Милый мальчишка, он ещё не осознал в полной мере всю горечь утраты. Дорогой у гроба матери он будет всхлипывать, звать её домой. Когда начнут засыпать яму землей, страшно закричит, царапая комья сырой земли. Осиротел Яша, осиротели газетчики. А с фотографии, ввинченной в памятник, неотрывно смотрела на белый свет, не мигая, ещё молодая тридцатилетняя женщина с первыми морщинками у губ небольшого рта. Не любила фотографироваться баба Варя, так и осталась навечно молодой.
Второй раз в жизни плакал Виссарион столь безутешно, горько, не стыдясь никого. Великое горе постигло его накануне защиты дипломной работы. В тот день он поздно вернулся из библиотеки, проклиная стылый, ветреный февраль. В общежитии, как всегда, шумно. Включил электрочайник. Непривычно робкий стук в комнату. Виссариона обступили студенты-однокашники, староста группы Аня протянула ему телеграмму. От нестерпимой боли зашлось сердце, от коротких разящих слов померк в глазах свет: «УМЕР ПАПА ПОХОРОНЫ 12 МАМА».
В поезде Стражин долго крепился, сдерживая слёзы. Ночью не выдержал, плакал безутешно, уткнувшись лицом в подушку. Проснулся сосед, узнав, в чём дело, откупорил бутылку красного вина. Горькие слёзы мешались с терпким вином, а поезд мчал и мчал на юг. Раненым птенцом билась мысль: «Умер папа. Папка умер. Милая мама, как теперь ты?» Казалось, всё рухнуло, на кого теперь опереться, с кем поделиться сокровенными мыслями? Как жить?

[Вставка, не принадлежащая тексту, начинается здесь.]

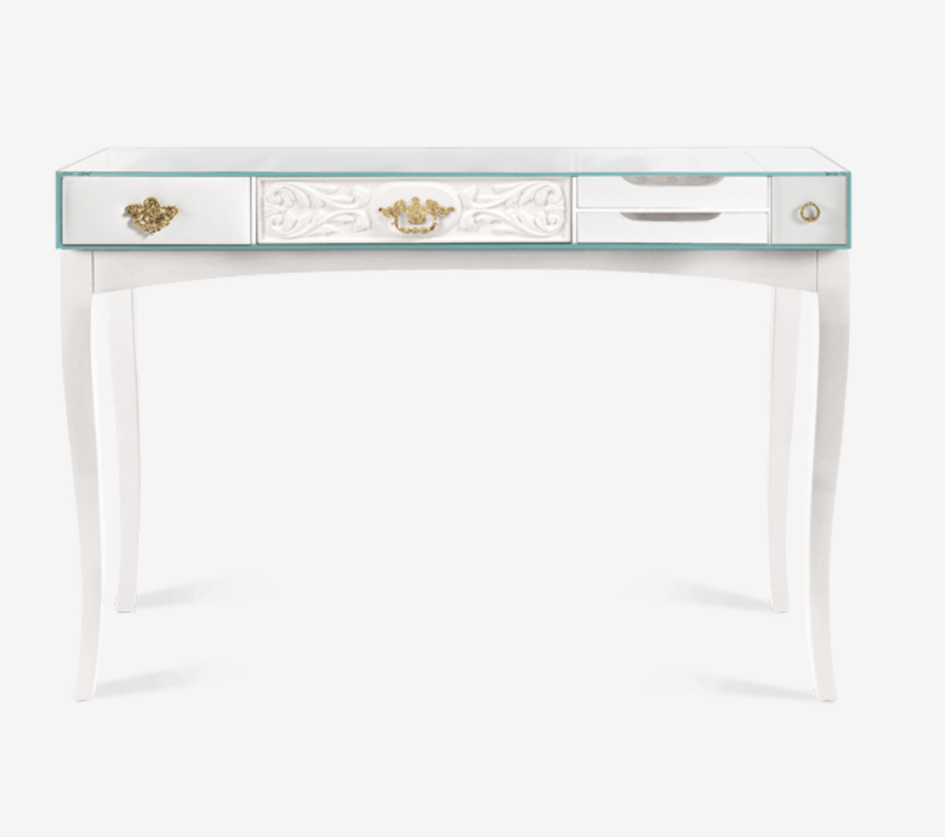 Psací stoly Soho jsou vyrobeny ze dřeva a tvrzeného skla a skládají se z 5 zásuvek. Jejich základna je vyrobena z lakovaného dřeva. Obsahuje zásuvky s ručně vyrobenými čely lakovanými.

По бульварам приморского города носился тёплый ветер, слизывая остатки снега. А в гостиной родного дома лежал в домовине в выходном синем костюме, осыпанный цветами, отец. Потом плыл впереди толпы и над ней гроб, а солнце неистовствовало. Протяжно и печально трубили тепловозы, провожая в последний путь старого машиниста. У кладбища набежали тучи, выплеснули на памятники и кресты пригоршни дождя. И опять небо – аквамарин. Мать Виссариона всё всхлипывала и жалостно причитала:
– Петечка, Петя! Голубь мой! Чому ж твое серденько не стучит? Чому спокинув нас, сокол мой?!
Трое суток не билось сердце старого машиниста паровоза, в прошлом круглого сироту, детдомовца, невинно репрессированного, отбывавшего срок заключения в тех местах, где начал трудовой путь его сын, журналист.